## EXERCISE AIM
The result should be the full listing copied exactly, with no pictures in it.

## STORED DATA
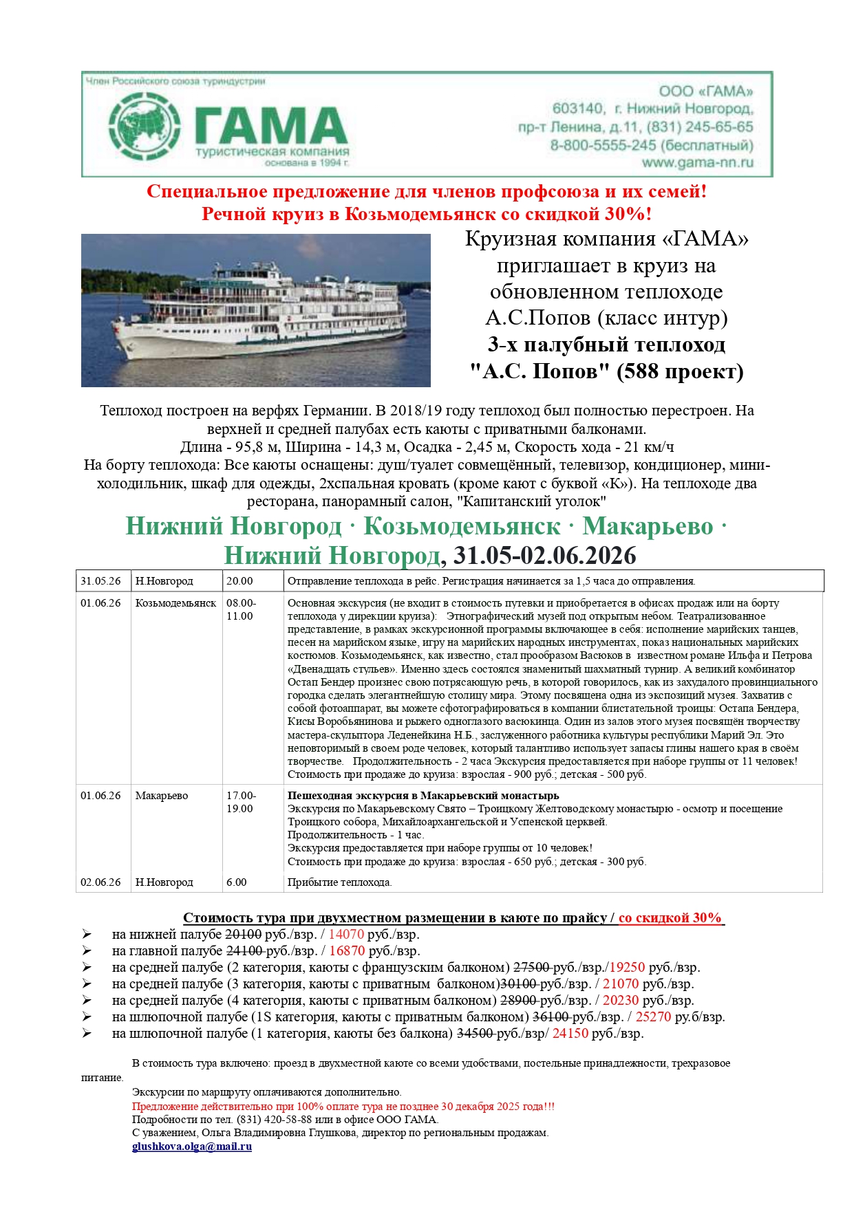 - 31.05 - 02.06.2026 по маршруту "Нижний Новгород - Козьмодемьянск - Макарьево - Нижний Новгород"
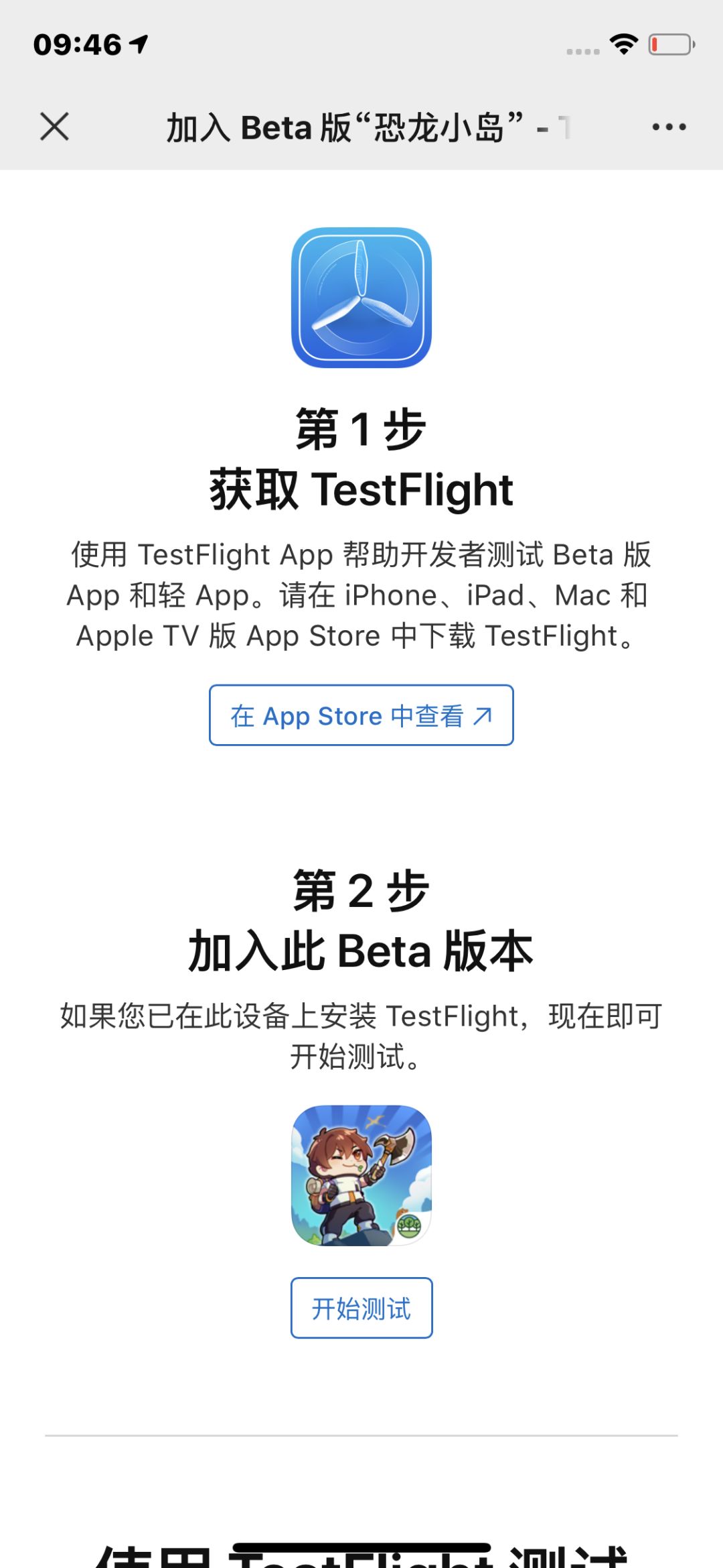 流程就是先下载 Testflight,然后再点击开始测试按钮,就会跳转到下载界面
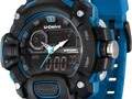 В часах установлено пластиковое стекло, ремешок сделан из гибкого износостойкого пластика синего цвета. Для необычной конструкции застежки-пряжки на ремешке предусмотрена двойная перфорация.

## COMPLETED EXERCISE
 - 31.05 - 02.06.2026 по маршруту "Нижний Новгород - Козьмодемьянск - Макарьево - Нижний Новгород"
 流程就是先下载 Testflight,然后再点击开始测试按钮,就会跳转到下载界面
 В часах установлено пластиковое стекло, ремешок сделан из гибкого износостойкого пластика синего цвета. Для необычной конструкции застежки-пряжки на ремешке предусмотрена двойная перфорация.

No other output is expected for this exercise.